A novel method is discussed for determining series of elementary steps in the reduction process of oxygen on an oxide.[1,2] The method is based on exposure of the oxide, first to ¹⁶O₂, and then to ¹⁸O₂ while monitoring the rate at which ¹⁶O¹⁸O molecules are generated and evaporate into the gas stream, under short time conditions. The parameters to be changed are oxygen partial pressure, P(O₂) (being the same for both isotopes) and acceptor doping level [A] of the oxide. ¹⁸O₂ can be applied in the form of a pulse or a step function.

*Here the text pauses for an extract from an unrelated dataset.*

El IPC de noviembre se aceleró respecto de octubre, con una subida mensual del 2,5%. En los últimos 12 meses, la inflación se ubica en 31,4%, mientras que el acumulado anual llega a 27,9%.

The rate of ¹⁶O¹⁸O generation is shown to depend on P(O₂)^m1 [A] ^m2. Another parameter that can be determined is J₀, the rate of the forward reaction in the slow step of the series which depends on P(O₂)^m3 [A] ^m4. The indices {m₁,m₂, m₃, m₄} are, in most cases, typical for a particular series of elementary steps. The series to be identified consist of fast steps ending with a relative slow one. This method is then different from the one based on the time dependence of the concentrations of ¹⁶O₂, ¹⁶O¹⁸O and ¹⁸O₂ in the gas phase.[3,4] The method is quite sensitive and even changing the source for electrons from the valence band to the conduction band changes the value of the exponents {m1,…,m4}.

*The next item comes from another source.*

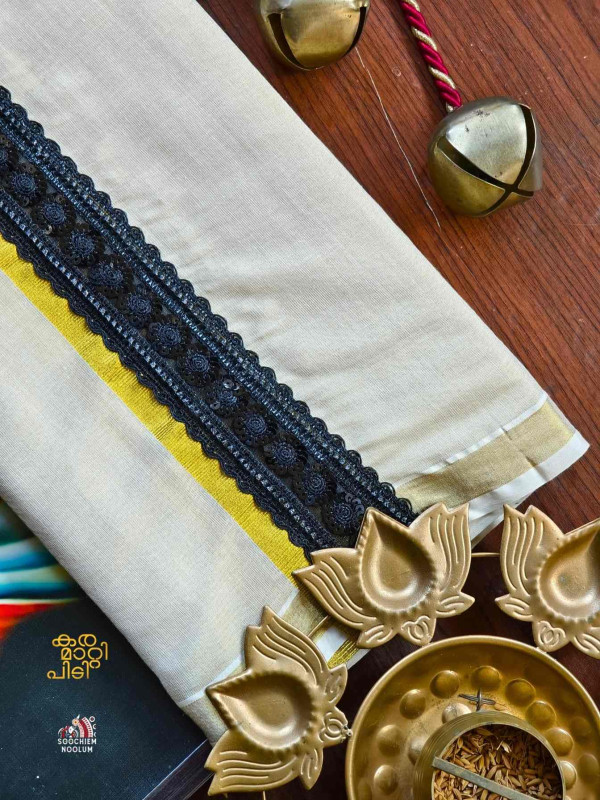 Stiched Border: Both end of the double kasavu dhotie is elegantly finished with a stitched border , adding a touch of sophistication and durability.

The analysis assumes that the dependence of the concentrations of point defects (oxygen vacancies and electrons) in the outer most layer of the oxide on P(O₂) and [A], is known. The method was applied so far under the conditions that the P(O₂) and [A] dependence is the same as in the deep, neutral bulk. This is shown to be indeed the case under many prevailing conditions.[5] Other P(O₂) and [A] dependence of the concentrations of point defects in the outer most layer of the oxide bulk are also presented.[5] Thus it is possible to determine series of elementary steps on all type of oxides which are undoped or acceptor doped.
The method is not limited to oxygen isotope exchange and can readily be extended to other isotopes e.g. ³⁵Cl₂ and ³⁷Cl₂ exchange. Exchange of H₂ and D₂ requires special attention due to the mass effect on the chemistry of hydrogen and we show how to cope with it.[2]

1. I. Riess, Solid State Ionics, 280 (2015) 51.
2. I. Riess, Solid State Ionics, 302 (2017) 7.
3. K. Klier et al. J. Catal. 2 (1963) 479.
4. G.K. Boreskov, Adv. Catal. 15, (1964) 285.
5. I. Riess, Solid State Ionics, 329 (2019) 95.